With Kinard still in a medically induced coma, doctors warned that there may be brain damage or that he may never walk again. But when Kinard awoke after nearly two weeks, he reassured his family with two questions.

“First, he asked me, ‘When did you have the baby?’ ” Mauney said. “That’s when I realized how long he’d been sleeping. Then he asked if he could still play football.”

The journey back to the playing field would be arduous. Down to 60 pounds and unable to feed himself, Kinard faced the prospect of three months in a rehab center. In response, he ramped up his recovery, undergoing four daily sessions of therapy while often taking walks through the halls with his many visitors. On his 23rd and final day in the hospital, Kinard walked right out the front door.

Julian Kinard has provided balance to a run-heavy offense as Damascus has rolled to a 3-0 start. (Toni L. Sandys/The Washington Post)

For the next six months, Kinard took more than 20 pills a day and endured frequent blood tests until he was declared in remission in the summer of 2010, this while bypassing the chemotherapy normally administered to HLH patients.

An illness or live virus could re-trigger his condition, and the lone cure is a bone marrow transplant. Though he has yet to find a match, as long as Kinard remains in remission, the procedure is not necessary. And in the past six years, Kinard has experienced only one minor setback — a sinus infection that required a trip to the hospital for antibiotic treatment.

With a protocol in place for his condition, Kinard threw his focus into returning to football the next year. After spending a summer regaining his coordination and agility, he had to prove himself again to his cautious Cougars coaches and teammates.

“At first, some of them were worried and didn’t want me in hitting drills,” said Kinard, who now stands at 6 feet and 165 pounds. “But I just wanted to get my anger out from the last six months.”
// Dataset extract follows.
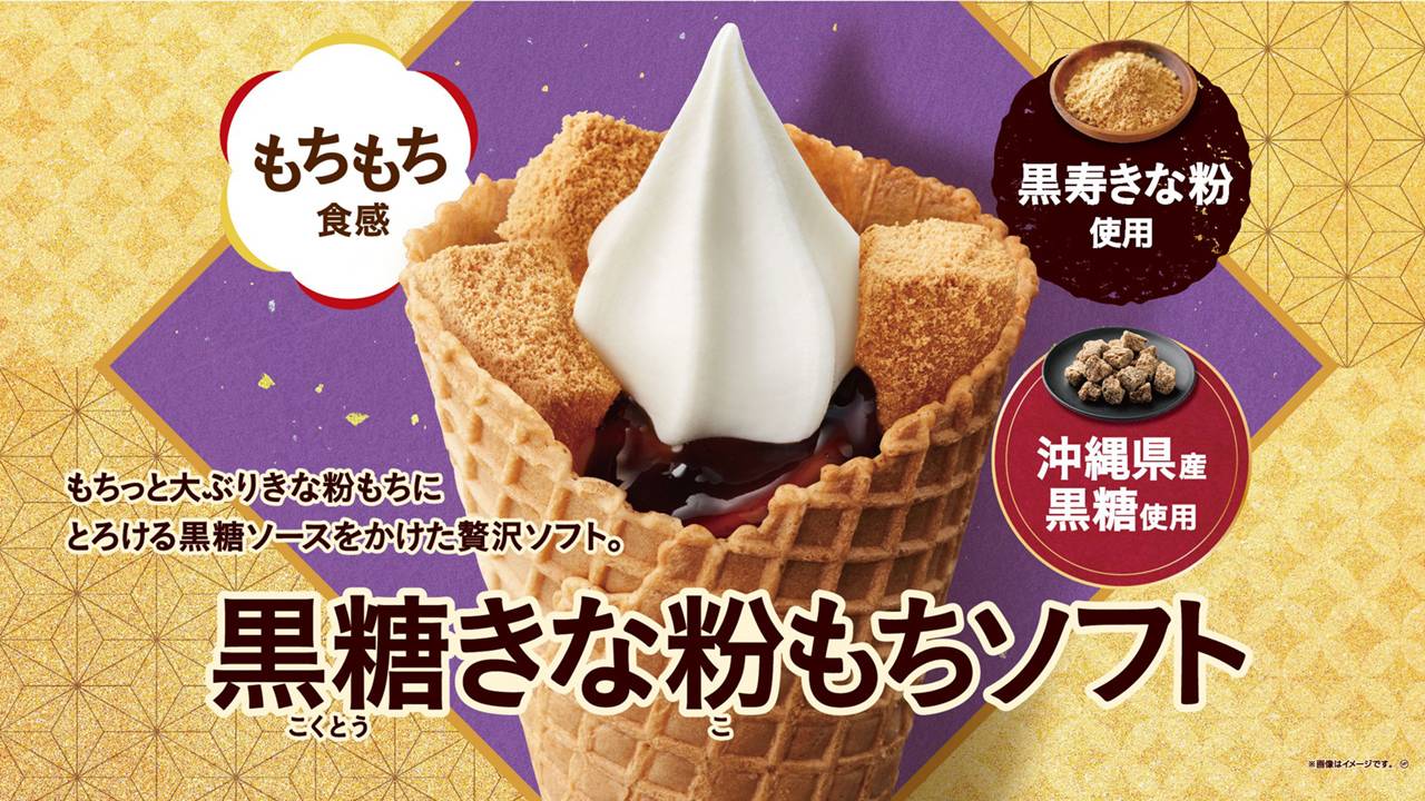 もちっと大ぶりきな粉もちに、とろける黒糖ソースをかけた贅沢ソフト「黒糖きな粉もちソフト」

A similar eagerness preceded the current football season. After one year away at Urbana following his family’s brief relocation, Kinard is back at Damascus, back under center and, miraculously, back to his old self.

“I remember visiting Julian in the hospital, and it was one of the scariest things I had ever seen,” said Funk, the team’s starting running back. “I’ve never seen someone go through so much. It’s crazy to have us all playing together again. He’s definitely a miracle.”